Vipoo Srivilasa / Thailand/Australia b.1969 / Bleach IV 2013 / Jingdezhen super white porcelain, unglazed / Six parts: 13.5 x 7 x 7cm, 12.7 x 7 x 7cm, 11.7 x 7.8 x 7.5cm, 1.5 x 10 x 10cm, 1.5 x 9 x 10cm, 1.5 x 8.5 x 8.5cm / Purchased 2014 with funds from an anonymous donor through the Queensland Art Gallery | Gallery of Modern Art Foundation / Collection: Queensland Art Gallery | Gallery of Modern Art / © Vipoo Srivilasa

Vipoo Srivilasa
Bleach IV 2013

Not Currently on Display

Bleach IV was created during a residency Srivilasa undertook in China’s historical porcelain centre of Jingdezhen. The town famously produced the porcelain (including the treasured blue and white wares) that became so popular for export to Europe from the seventeenth century, a trade between East and West that Srivilasa finds analogous of his own experience of migrating from Thailand to Australia.

Srivilasa discovered a traditional flower making technique used in Jingdezhen, borrowing the delicate petals once applied to vases to cover the surfaces of his sculptures. Presented on a base resembling a biologist’s Petri dish, this group of works expressed his concern for the environmental impact of global warming on coral reefs. He has left the works unglazed to resemble the stark white of dead coral.

Ceramic artist Vipoo Srivilasa practises art with a spirit of generosity, optimism and inclusion.
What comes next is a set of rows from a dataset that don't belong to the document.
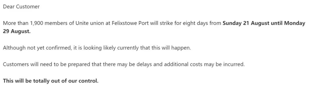 英国最大的集装箱港口费利克斯托港,1900多名工人计划在本月晚些时候举行为期8天的罢工。 划于8月21日开始的罢工除了对该地区的物流和运输部门造成影响外,还将对该地区的国际海运贸易产生影响。工会表示,罢工将造成巨大的破坏,因为许多罢工工人都是起重机司机、机器操作员和装卸工。预计港口运营将接近停止。 英国最大的集装箱港口费利克斯托港的工人在拒绝7%的加薪后将举行为期八天的大罢工。位于英格兰东部的费利克斯托港每年处理大约400万个集装箱,几乎占英国集装箱贸易量的一半,主要得益于邻近法国勒阿弗尔和荷兰鹿特丹等欧洲港口。此次罢工预计将影响英国40%的集装箱进口。 运输部发言人表示:“工会的这一罢工行动将会扰乱重要物资和货物的运送,我们敦促工会和港口留在谈判桌旁并达成和解。”联合工会干事Bobby Morton说:“罢工行动将造成巨大的中断,并将对整个英国的供应链产生巨大的冲击,但这场纠纷完全是该公司自己造成的。” 菲利克斯托港在一份声明中说,公司继续积极寻求对各方都有效、避免劳工罢工的解决方案。 虽然还没发生但是大家要做好准备,发往英国的货物可能会出现到港提柜受到一定程度的影响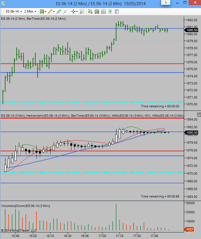 I´m trying to get in one window a chart based on bars and the same chart but based on Heiken Ashi, both with the same temporal frametime, it means, both chart in 3 minutes or whatever. But I don´t know why, I get to do it but with different timeframes!!! It doesn´t allow me in the same frame time!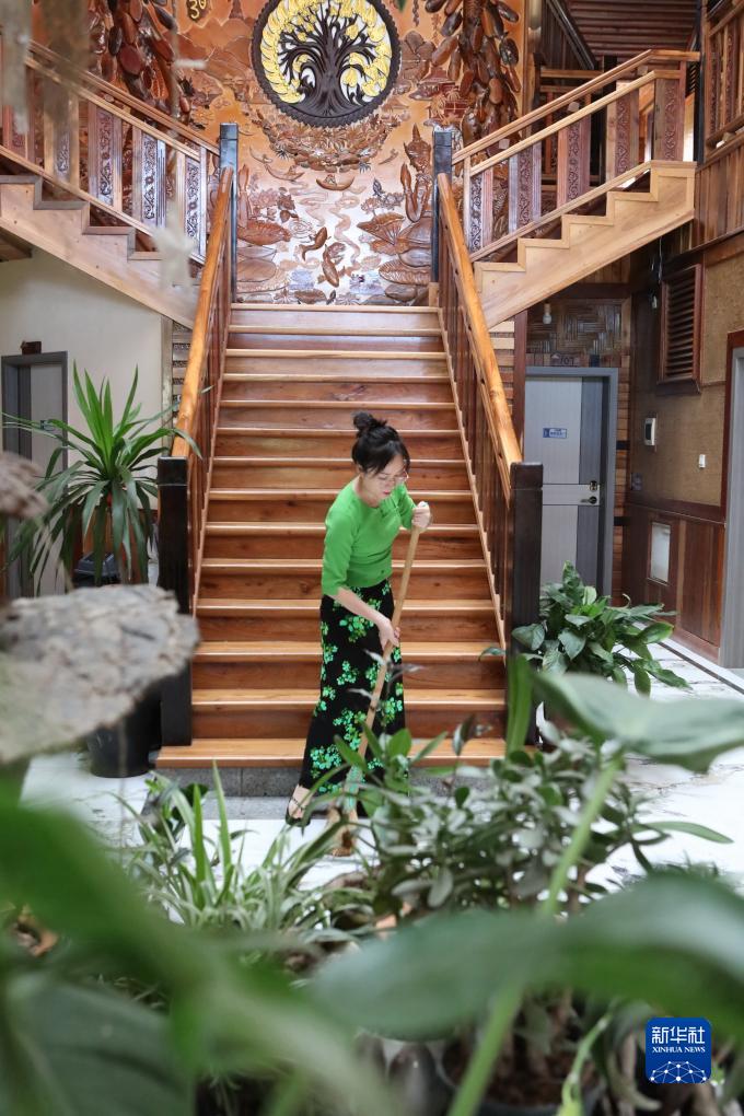 10月18日,云南省景洪市勐罕鎮曼聽(tīng)村傣族姑娘玉叫囡在自家客棧打掃衛生。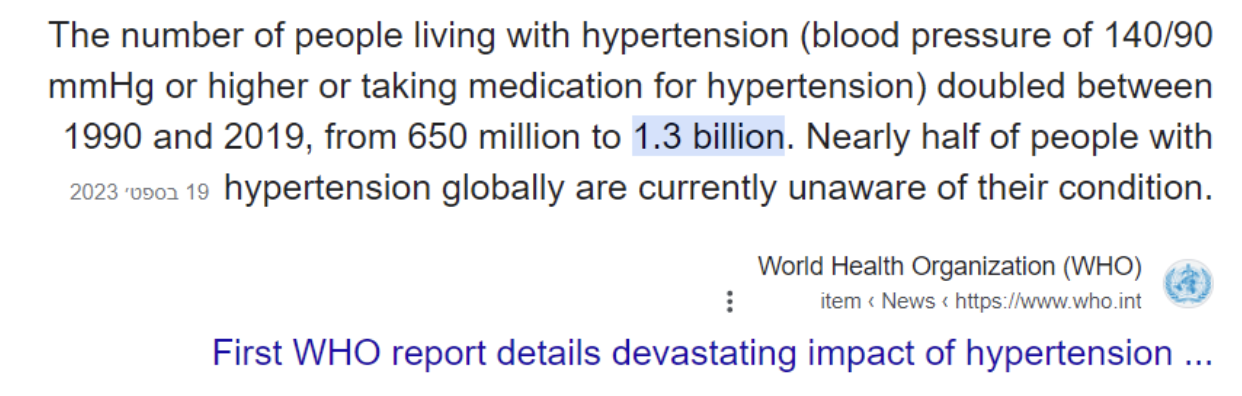 על פי הנתונים המסחררים של ארגון הבריאות העולמי (WHO) כ1.3 ביליון אנשים חיים בעולם עם לחץ דם אשר בהגדרתו נמצא מעל הנורמה.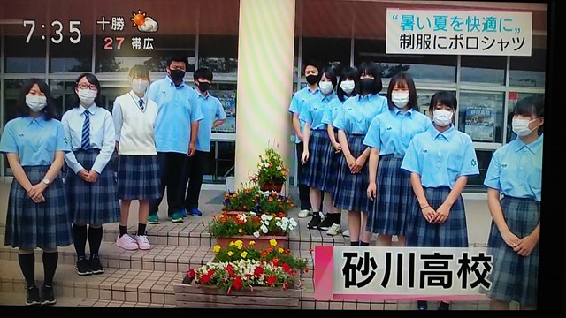 「暑い夏を快適に」と題して、砂川高校の制服にポロシャツが加わった話題でした。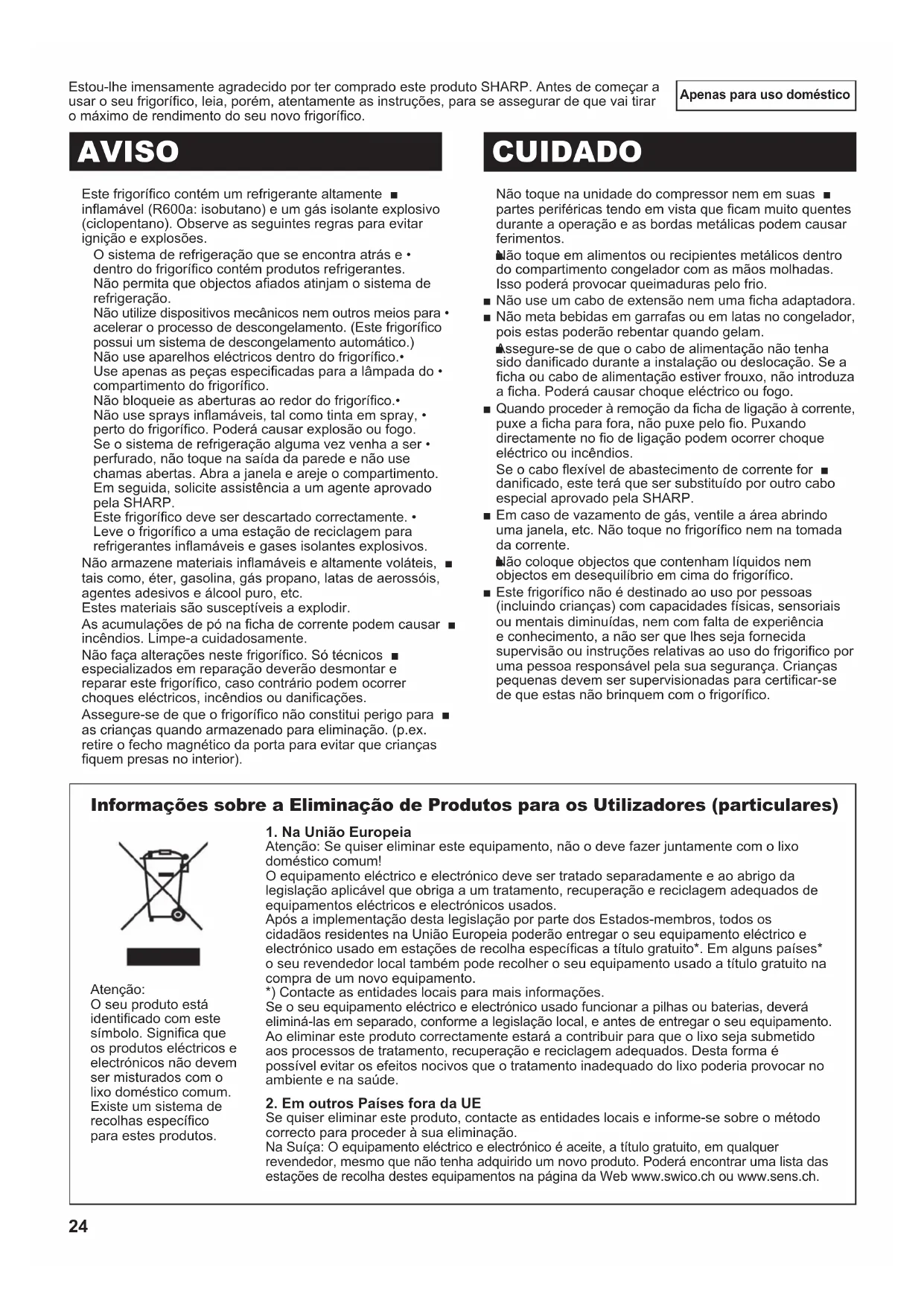 (B191)-West.indb 5 2011/03/14 13:13:2924 Apenas para uso doméstico Estou-lhe imensamente agradecido por ter comprado este produto SHARP. Antes de começar a usar o seu frigoríco, leia, porém, atentamente as instruções, para se assegurar de que vai tirar o máximo de rendimento do seu novo frigoríco. Este frigoríco contém um refrigerante altamente ■ inamável (R600a: isobutano) e um gás isolante explosivo (ciclopentano). Observe as seguintes regras para evitar ignição e explosões. O sistema de refrigeração que se encontra atrás e • dentro do frigoríco contém produtos refrigerantes. Não permita que objectos aados atinjam o sistema de refrigeração. Não utilize dispositivos mecânicos nem outros meios para • acelerar o processo de descongelamento. (Este frigoríco possui um sistema de descongelamento automático.) Não use aparelhos eléctricos dentro do frigoríco.• Use apenas as peças especicadas para a lâmpada do • compartimento do frigoríco. Não bloqueie as aberturas ao redor do frigoríco.• Não use sprays inamáveis, tal como tinta em spray, • perto do frigoríco. Poderá causar explosão ou fogo. Se o sistema de refrigeração alguma vez venha a ser • perfurado, não toque na saída da parede e não use chamas abertas. Abra a janela e areje o compartimento. Em seguida, solicite assistência a um agente aprovado pela SHARP. Este frigoríco deve ser descartado correctamente. • Leve o frigoríco a uma estação de reciclagem para refrigerantes inamáveis e gases isolantes explosivos. Não armazene materiais inamáveis e altamente voláteis, ■ tais como, éter, gasolina, gás propano, latas de aerossóis, agentes adesivos e álcool puro, etc. Estes materiais são susceptíveis a explodir. As acumulações de pó na cha de corrente podem causar ■ incêndios. Limpe-a cuidadosamente. Não faça alterações neste frigoríco. Só técnicos ■ especializados em reparação deverão desmontar e reparar este frigoríco, caso contrário podem ocorrer choques eléctricos, incêndios ou danicações. Assegure-se de que o frigoríco não constitui perigo para ■ as crianças quando armazenado para eliminação. (p.ex. retire o fecho magnético da porta para evitar que crianças quem presas no interior). AVISO CUIDADO Não toque na unidade do compressor nem em suas ■ partes periféricas tendo em vista que cam muito quentes durante a operação e as bordas metálicas podem causar ferimentos. Não toque em alimentos ou recipientes metálicos dentro ■ do compartimento congelador com as mãos molhadas. Isso poderá provocar queimaduras pelo frio. Não use um cabo de extensão nem uma cha adaptadora. ■ Não meta bebidas em garrafas ou em latas no congelador, ■ pois estas poderão rebentar quando gelam. Assegure-se de que o cabo de alimentação não tenha ■ sido danicado durante a instalação ou deslocação. Se a cha ou cabo de alimentação estiver frouxo, não introduza a cha. Poderá causar choque eléctrico ou fogo. Quando proceder à remoção da cha de ligação à corrente, ■ puxe a cha para fora, não puxe pelo o. Puxando directamente no o de ligação podem ocorrer choque eléctrico ou incêndios. Se o cabo exível de abastecimento de corrente for ■ danicado, este terá que ser substituído por outro cabo especial aprovado pela SHARP. Em caso de vazamento de gás, ventile a área abrindo ■ uma janela, etc. Não toque no frigoríco nem na tomada da corrente. Não coloque objectos que contenham líquidos nem ■ objectos em desequilíbrio em cima do frigoríco. Este frigoríco não é destinado ao uso por pessoas ■ (incluindo crianças) com capacidades físicas, sensoriais ou mentais diminuídas, nem com falta de experiência e conhecimento, a não ser que lhes seja fornecida supervisão ou instruções relativas ao uso do frigorico por uma pessoa responsável pela sua segurança. Crianças pequenas devem ser supervisionadas para certicar-se de que estas não brinquem com o frigoríco. Informações sobre a Eliminação de Produtos para os Utilizadores (particulares)

Community-minded and attuned to contemporary concerns such as social justice and the migrant experience, he addresses these issues through artworks that offer hope for our troubled times.

Srivilasa is known primarily for his meticulously crafted blue-and-white porcelain sculptures that celebrate his Buddhist faith, the folktales and iconography of his Thai homeland and his life in Australia.

The blue-and-white palette Srivilasa has typically favoured references Lai Krarm, or Thai domestic tableware and, more broadly, the ceramics produced from the ninth century onwards in China’s Henan province, which were traded through the Middle East via the Silk Road and later imported to Europe. Srivilasa recognises the importation of blue-and-white ware as analogous to his own journey from East to West, and embraces the cross-cultural exchange it has entailed. ‘Nowadays,’ he says, ‘I find it hard to tell which culture is which in my work . . . The boundary is a blur.’1

Endnotes:

1 Vipoo Srivilasa, quoted in Alice Pung, ‘The colonisation of the cute – exploring the work of Vipoo Srivilasa’, Garland Magazine no. 6, 10 March 2017, accessed April 2021.